> Exercise data:

═══

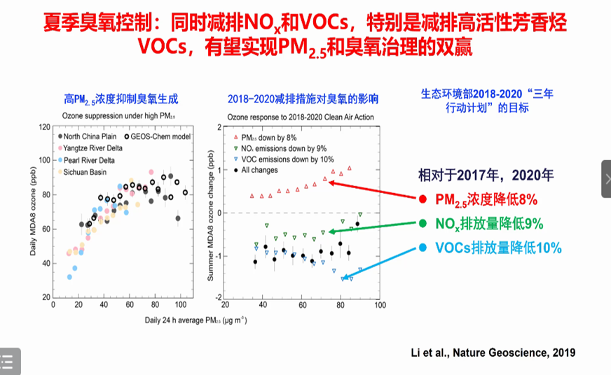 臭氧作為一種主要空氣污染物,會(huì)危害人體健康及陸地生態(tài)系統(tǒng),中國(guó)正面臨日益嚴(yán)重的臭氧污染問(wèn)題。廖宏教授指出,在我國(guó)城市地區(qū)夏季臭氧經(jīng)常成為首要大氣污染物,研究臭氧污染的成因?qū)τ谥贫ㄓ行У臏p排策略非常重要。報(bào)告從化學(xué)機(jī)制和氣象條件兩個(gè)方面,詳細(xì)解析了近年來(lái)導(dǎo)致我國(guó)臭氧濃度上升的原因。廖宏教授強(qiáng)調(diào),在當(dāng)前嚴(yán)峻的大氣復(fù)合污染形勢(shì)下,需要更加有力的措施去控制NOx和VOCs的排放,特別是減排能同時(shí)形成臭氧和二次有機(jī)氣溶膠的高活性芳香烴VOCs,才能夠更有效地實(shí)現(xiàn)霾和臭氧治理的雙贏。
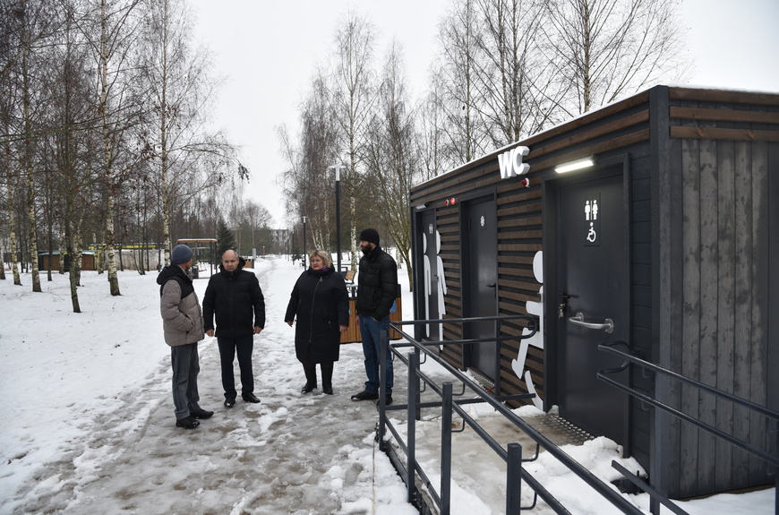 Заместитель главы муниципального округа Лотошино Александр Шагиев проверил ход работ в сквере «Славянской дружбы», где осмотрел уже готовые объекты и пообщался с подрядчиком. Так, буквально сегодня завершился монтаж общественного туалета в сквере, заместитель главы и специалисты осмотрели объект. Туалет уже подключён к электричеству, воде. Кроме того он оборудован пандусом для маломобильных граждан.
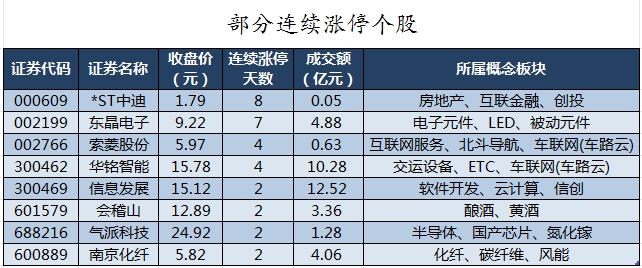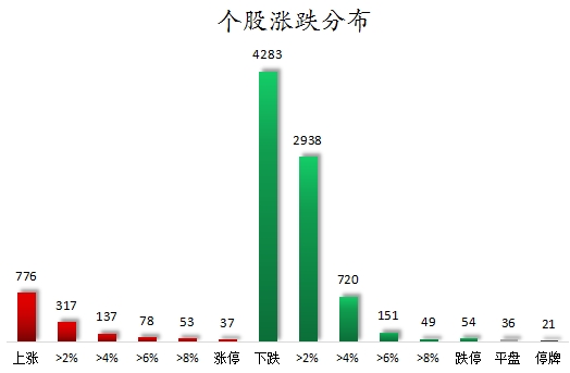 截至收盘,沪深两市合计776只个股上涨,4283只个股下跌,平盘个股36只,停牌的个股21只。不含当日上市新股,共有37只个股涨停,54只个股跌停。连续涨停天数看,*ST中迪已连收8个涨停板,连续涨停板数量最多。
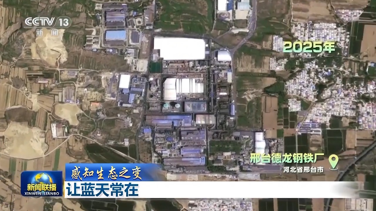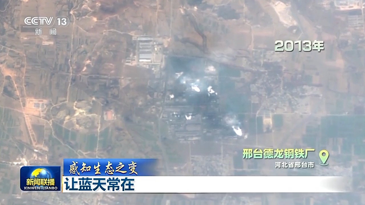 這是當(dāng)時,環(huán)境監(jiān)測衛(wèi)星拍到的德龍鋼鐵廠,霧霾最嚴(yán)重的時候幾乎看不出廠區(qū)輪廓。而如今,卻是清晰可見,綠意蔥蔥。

═══

If you see a picture in the listing, skip it while copying everything else exactly.

 臭氧作為一種主要空氣污染物,會(huì)危害人體健康及陸地生態(tài)系統(tǒng),中國(guó)正面臨日益嚴(yán)重的臭氧污染問(wèn)題。廖宏教授指出,在我國(guó)城市地區(qū)夏季臭氧經(jīng)常成為首要大氣污染物,研究臭氧污染的成因?qū)τ谥贫ㄓ行У臏p排策略非常重要。報(bào)告從化學(xué)機(jī)制和氣象條件兩個(gè)方面,詳細(xì)解析了近年來(lái)導(dǎo)致我國(guó)臭氧濃度上升的原因。廖宏教授強(qiáng)調(diào),在當(dāng)前嚴(yán)峻的大氣復(fù)合污染形勢(shì)下,需要更加有力的措施去控制NOx和VOCs的排放,特別是減排能同時(shí)形成臭氧和二次有機(jī)氣溶膠的高活性芳香烴VOCs,才能夠更有效地實(shí)現(xiàn)霾和臭氧治理的雙贏。
 Заместитель главы муниципального округа Лотошино Александр Шагиев проверил ход работ в сквере «Славянской дружбы», где осмотрел уже готовые объекты и пообщался с подрядчиком. Так, буквально сегодня завершился монтаж общественного туалета в сквере, заместитель главы и специалисты осмотрели объект. Туалет уже подключён к электричеству, воде. Кроме того он оборудован пандусом для маломобильных граждан.
 截至收盘,沪深两市合计776只个股上涨,4283只个股下跌,平盘个股36只,停牌的个股21只。不含当日上市新股,共有37只个股涨停,54只个股跌停。连续涨停天数看,*ST中迪已连收8个涨停板,连续涨停板数量最多。
 這是當(dāng)時,環(huán)境監(jiān)測衛(wèi)星拍到的德龍鋼鐵廠,霧霾最嚴(yán)重的時候幾乎看不出廠區(qū)輪廓。而如今,卻是清晰可見,綠意蔥蔥。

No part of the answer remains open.